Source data
════════════════════
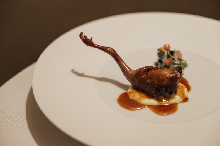 在第一道主菜「馬頭魚、白蘆筍、歐芹」,為了讓貴賓能品嚐春季馬頭魚的鮮美,主廚不辭辛勞於半夜親自前往基隆崁仔頂漁市,精心挑選最新鮮的魚獲,並以香煎白蘆筍為配菜,點綴少許紫蘇花,呈現出輕盈而獨特的風味。另一道主菜「乳鴿、托斯卡尼風味豬背脂」,亦展現主廚精湛廚藝以及他對食材的獨特見解,主廚以托斯卡尼的傳統料理作為靈感,特別為Lexus自製醃製3個月的Lardo豬背脂,乳鴿更搭配煙燻馬鈴薯泥創造口感變化,讓每一口都帶來豐富層次,是一道結合傳統與創新的精心料理。
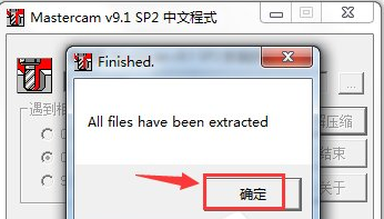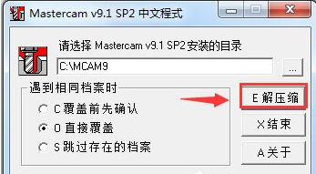 3、双击 "MasterCAM V9.1sp2简体中文官方汉化补丁(可以中英文互换).EXE" --> 点击 "E 解压缩" --> 点击 "确定"
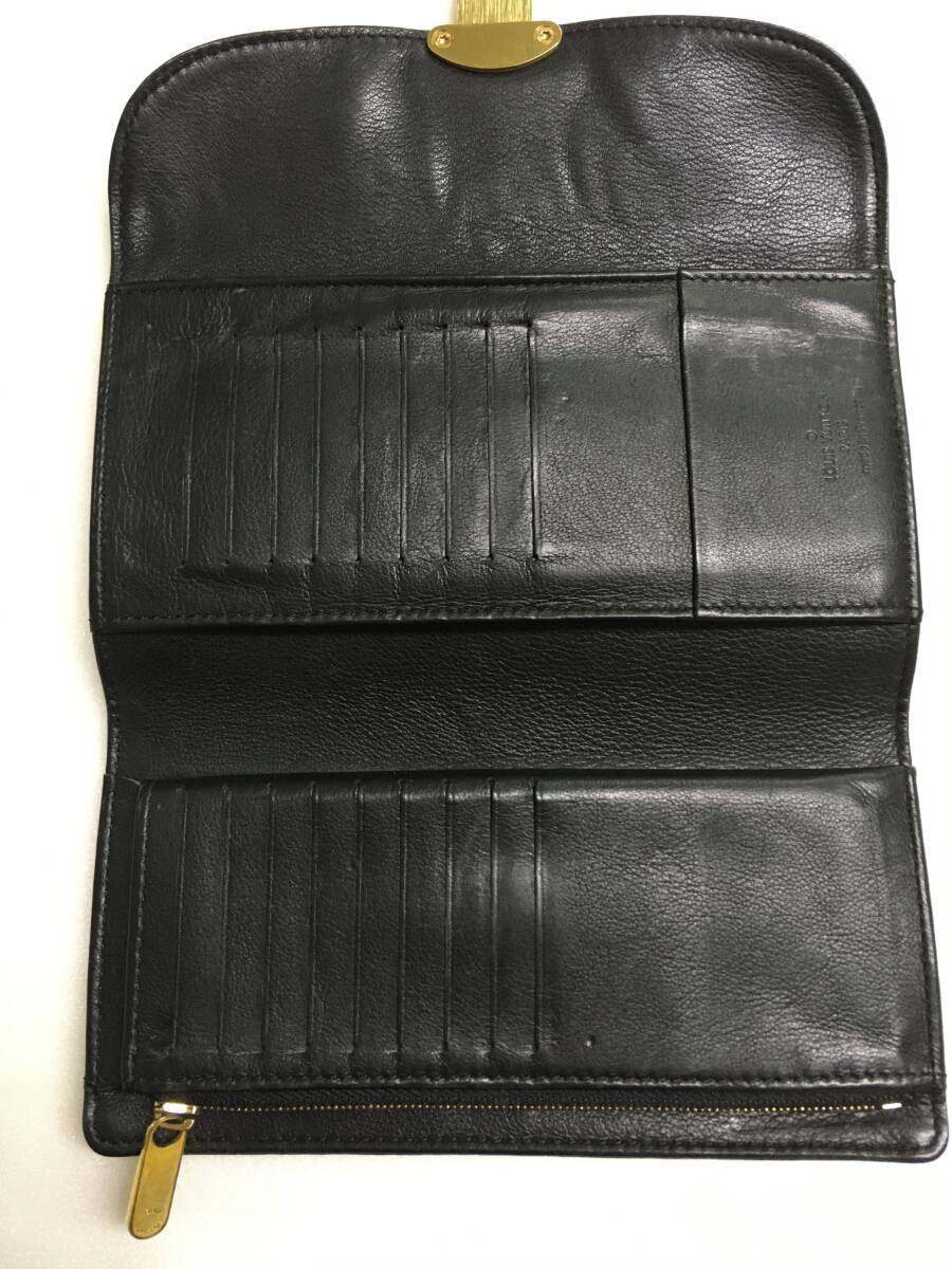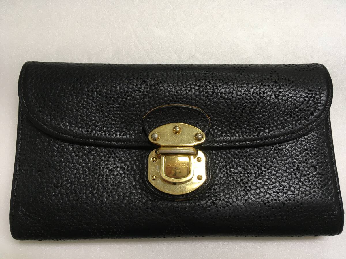 1円 ルイ ヴィトン マヒナ ポルトフォイユ・アメリア 長財布 レディース レザー ブラック M95549 中古
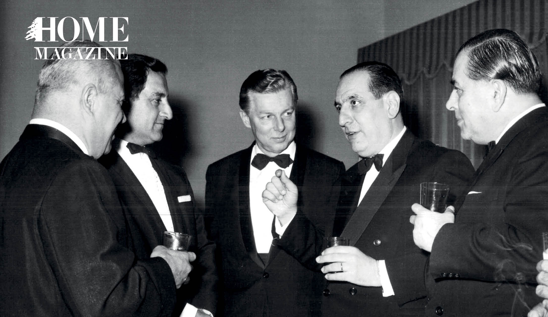 At a reception in honor of Danny Thomas. From left to right: MP Emile Boustani, Danny Thomas, U.S. Ambassador HE Armin H. Meyer, Charles Helou (Lebanon’s next president), and Lebanese ambassador to the United States Ibrahim Al-Andab
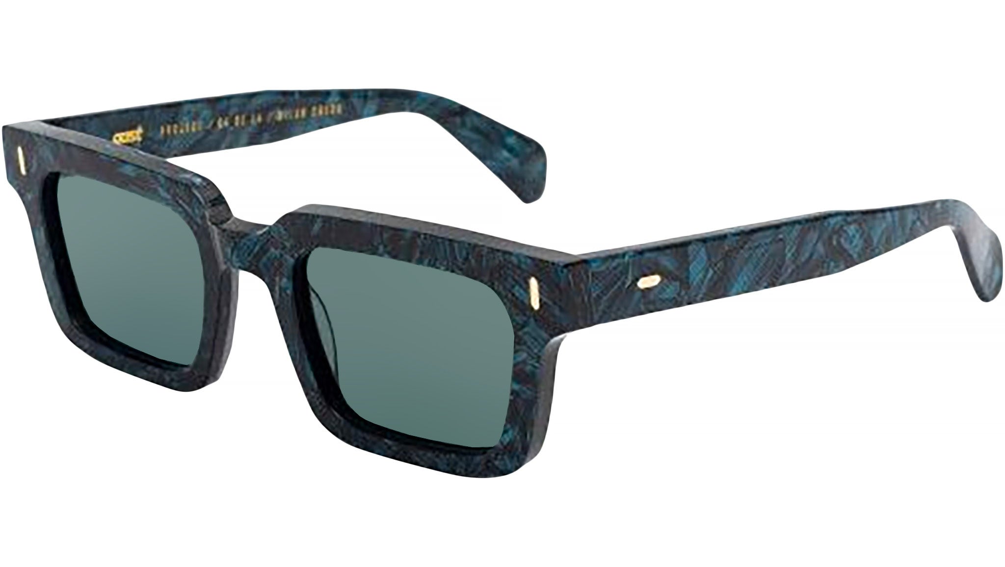 Gast (NOT) COMMON Blue. Handmade sunglasses with blue acetate frame and gold wire core. Green nylon lenses – 100% UVA / UVB protection with anti-reflective inside coating. Five barrels metal hinges and premium silver logo box with hard case and microfiber cleaning cloth.
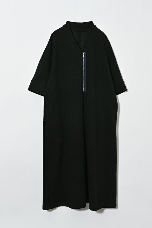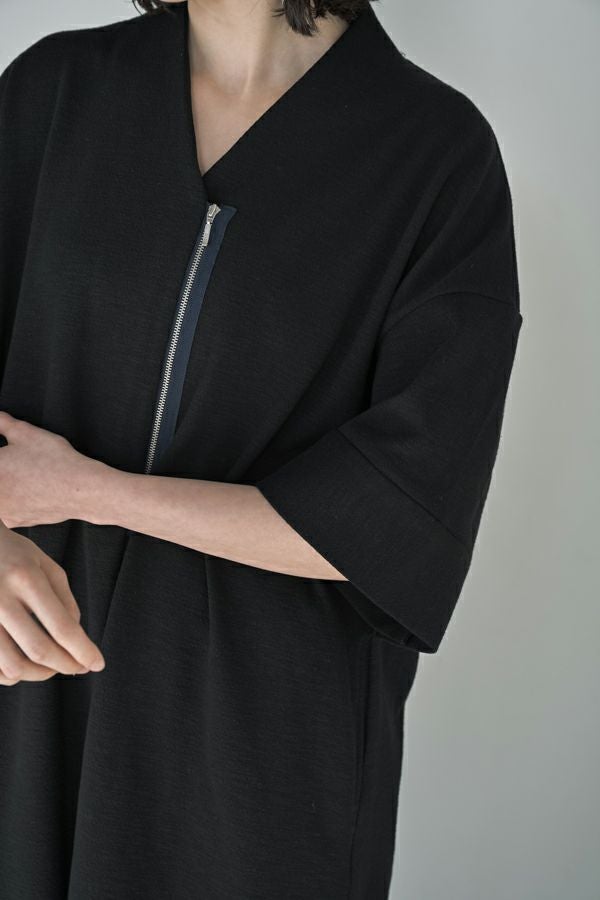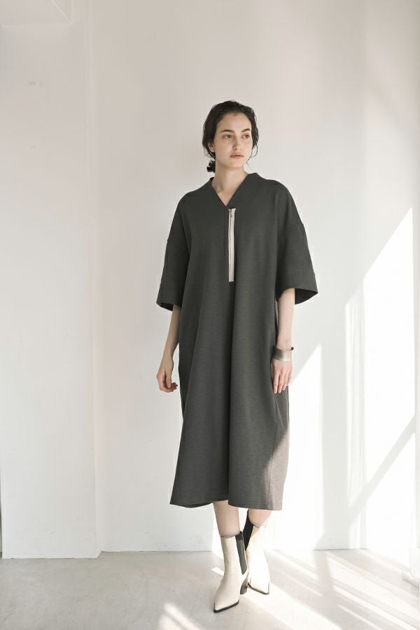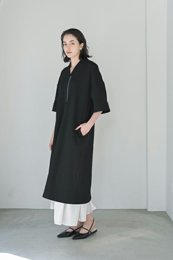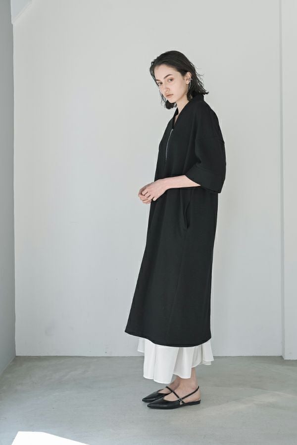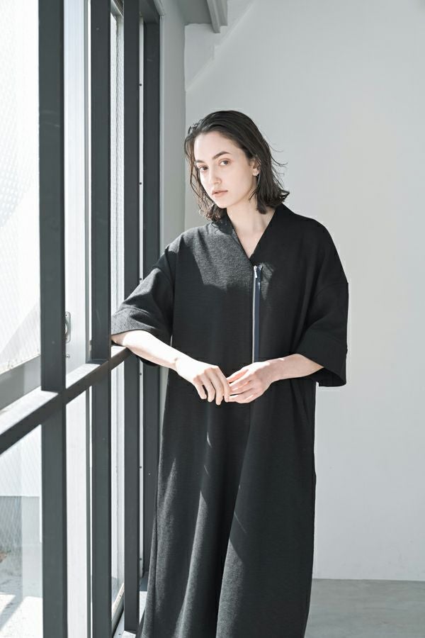 構築的シルエットで魅せる、マニッシュエレガンスなワンピース。 表面感のある綿ポリエステル糸を使用し、ハリと落ち感のバランスが美しい素材感が魅力。体のラインを拾いすぎず、凛としたシルエットを描くことで、着る人の存在感を惹き立てます。 デコルテが美しく映えるよう計算されたネックラインに、配色ファスナーをあしらい、開き具合で印象の変化も楽しめる仕様に。1枚で装いが完成する、モードな中に女性らしさが光るワンピース。 大人のための“マニッシュエレガンス”を、ぜひ体感してください。 ●手洗い可
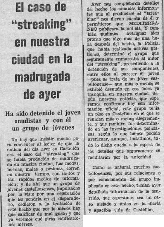«Las modas, buenas, malas o pésimas, corren en nuestro tiempo, con tantos y tan rápidos medios de información». Así valoraba Mediterráneo, tal día como hoy de 1974, un caso de streaking (anglicismo que designa el hecho de correr desnudo en público) producido «de madrugada» en la ciudad. Según el diario, «algo más de una hora después del hecho, la Policía determinó el grupo que seguramente enmarcaba al autor del streaking, procediendo a la detención de sus componentes», entre ellos al parecer el joven castellonense «que más o menos se exhibió desnudo en esa hora ya tranquila en nuestra ciudad».
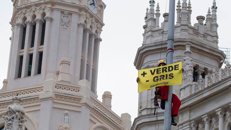 A través de esta acción realizada frente al Ayuntamiento de Madrid, reclamaban que Madrid sea una ciudad verde en un planeta sano, como reza la pancarta que han colocado ayudados por una grúa.
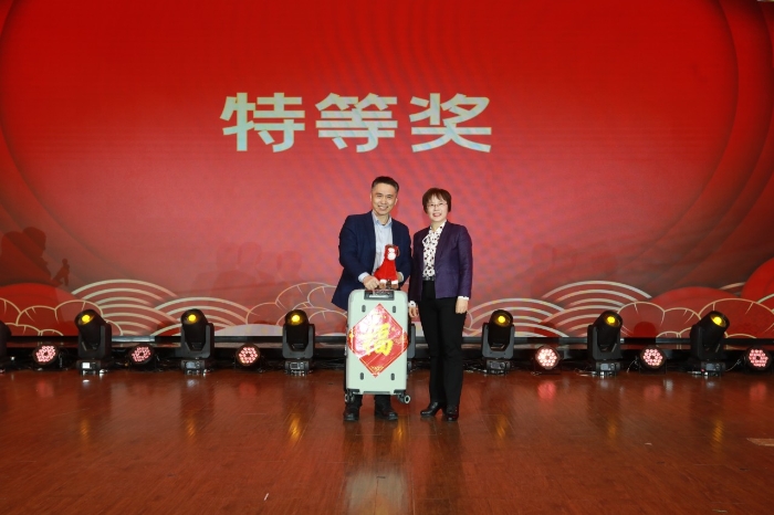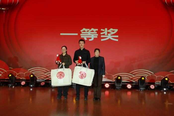校领导现场抽取幸运观众,为教职工们送上新年的祝福
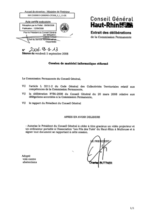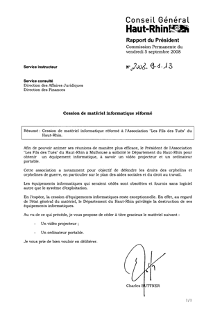 CESSION DE MATERIEL INFORMATIQUE REFORME Resumé Cession de matériel informatique réformé à l'Association "Les Fils des Tués" du Haut-Rhin. Pièces jointes DELIBERATION RAPPORT Assemblée : Commission Permanente Date : 05/09/2008 Rapporteur : Non défini Collectivité : Conseil départemental du Haut-Rhin Direction : Non défini Service : Direction des Ressources Humaines et Dialogue Social Domaine : Finances publiques Commission : Commission Permanente
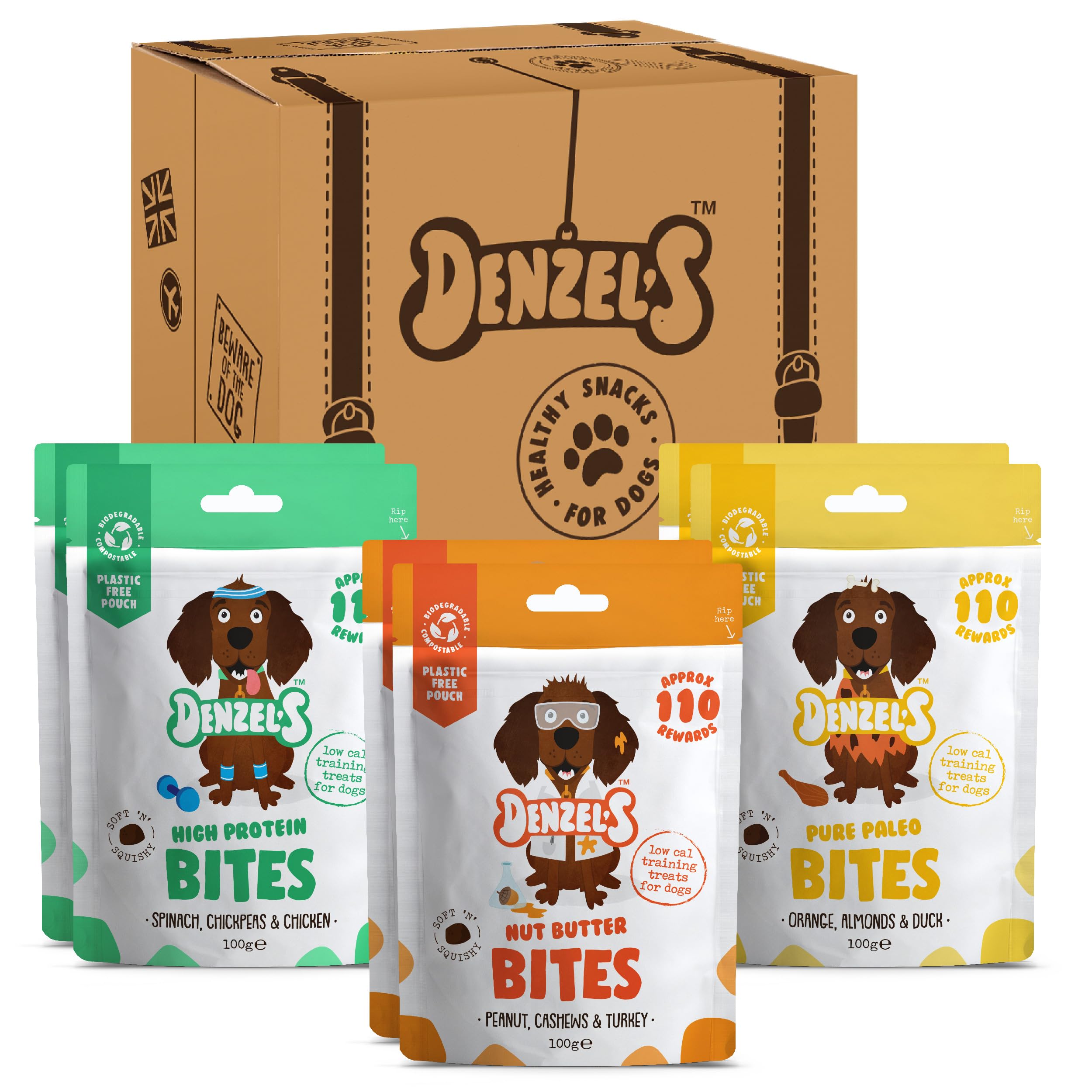 Product DescriptionDenzel's soft, squishy bites are made from 100% natural ingredients, gently baked in the UK into tasty, bite-size treats. Don't worry they're low cal so perfect for training or on-the-go! Denzel has packed up a Meat Medley of healthy dog snacks for your pooch (6 x 100g Bites): Each Meat Medley Bundle includes two packs of each: 2 x Nut Butter Soft 'n' Squishy Low Cal Training Treats - Peanut, Cashews & Turkey (100g) 2 x High Protein Soft 'n' Squishy Low Cal Training Treats - Spinach,xChickpeas & Chicken (100g) 2 x Pure Paleo Soft 'n' Squishy Low Cal Training Treats - Orange, Almonds & Duck (100g) Grain-free , Low Sugar, Nothing Artificial, Single-Source Protein. 100% Plastic-free biodegradable pouchIngredientsHigh Protein Soft 'n' Squishy Low Cal Training Treats - Composition: Chicken 35% (Chicken & Chicken gravy), Chickpea flour (15%), Sweet Potato, Vegetable Glycerine, Egg, Spinach. That’s it.Analytical constituents:Crude Protein 23.5%, Crude Oils & Fats 13.3%, Crude Fibre 2.1%, Crude Ash 5.9%, Moisture 18%, 274kcal/100gNut Butter Soft 'n' Squishy Low Cal Training Treats -Composition: Chickpea flour, Turkey (18%), Sweet Potato, Vegetable Glycerine, Nut Butter 13% (Rapeseed Oil, Peanuts, Cashew Nuts, Coconut oil). That’s it.Analytical constituents:Crude Protein 20.4%, Crude Oils & Fats 11.6%, Crude Fibre 2.2%, Crude Ash 5.2%, Moisture 18%, 289kcal/100gPure Paleo Soft 'n' Squishy Low Cal Training Treats -Composition: Chickpea flour, Duck (18%), Sweet Potato, Vegetable Glycerine, Rapeseed Oil, Linseed, Almonds (0.5%), Sunflower seeds, Orange Oil, Sesame Seeds, Turmeric. That's it.Analytical constituents:Crude Protein 20.1%, Crude Oils & Fats 13.4%, Crude Fibre 2.2%, Crude Ash 5.3%, Moisture 18%, 283kcal/100gDirectionsSit, Stay 1. This is a complimentary food for dogs only, not humans 2. Feed as a treat or reward, do not overfeed 3. Store in a cool dry place (away from your pup) 4. Keep your dog's water bowl topped up regularly 5. Suitable for dogs of all shapes and sizes over 16 weeksBox ContainsEach Meat Medley Bundle includes two packs of each: 2 x Nut Butter Soft 'n' Squishy Low Cal Training Treats - Peanut, Cashews & Turkey (100g) 2 x High Protein Soft 'n' Squishy Low Cal Training Treats - Spinach, Chickpeas & Chicken (100g) 2 x Pure Paleo Soft 'n' Squishy Low Cal Training Treats - Orange, Almonds & Duck (100g)
════════════════════
Write back word for word every line in the entries above from the one with "校领导现场抽取幸运观众,为教职工们送上新年的祝福" to the one with "CESSION DE MATERIEL", ends included, and none of the pictures.

## Output of the exercise
校领导现场抽取幸运观众,为教职工们送上新年的祝福
 CESSION DE MATERIEL INFORMATIQUE REFORME Resumé Cession de matériel informatique réformé à l'Association "Les Fils des Tués" du Haut-Rhin. Pièces jointes DELIBERATION RAPPORT Assemblée : Commission Permanente Date : 05/09/2008 Rapporteur : Non défini Collectivité : Conseil départemental du Haut-Rhin Direction : Non défini Service : Direction des Ressources Humaines et Dialogue Social Domaine : Finances publiques Commission : Commission Permanente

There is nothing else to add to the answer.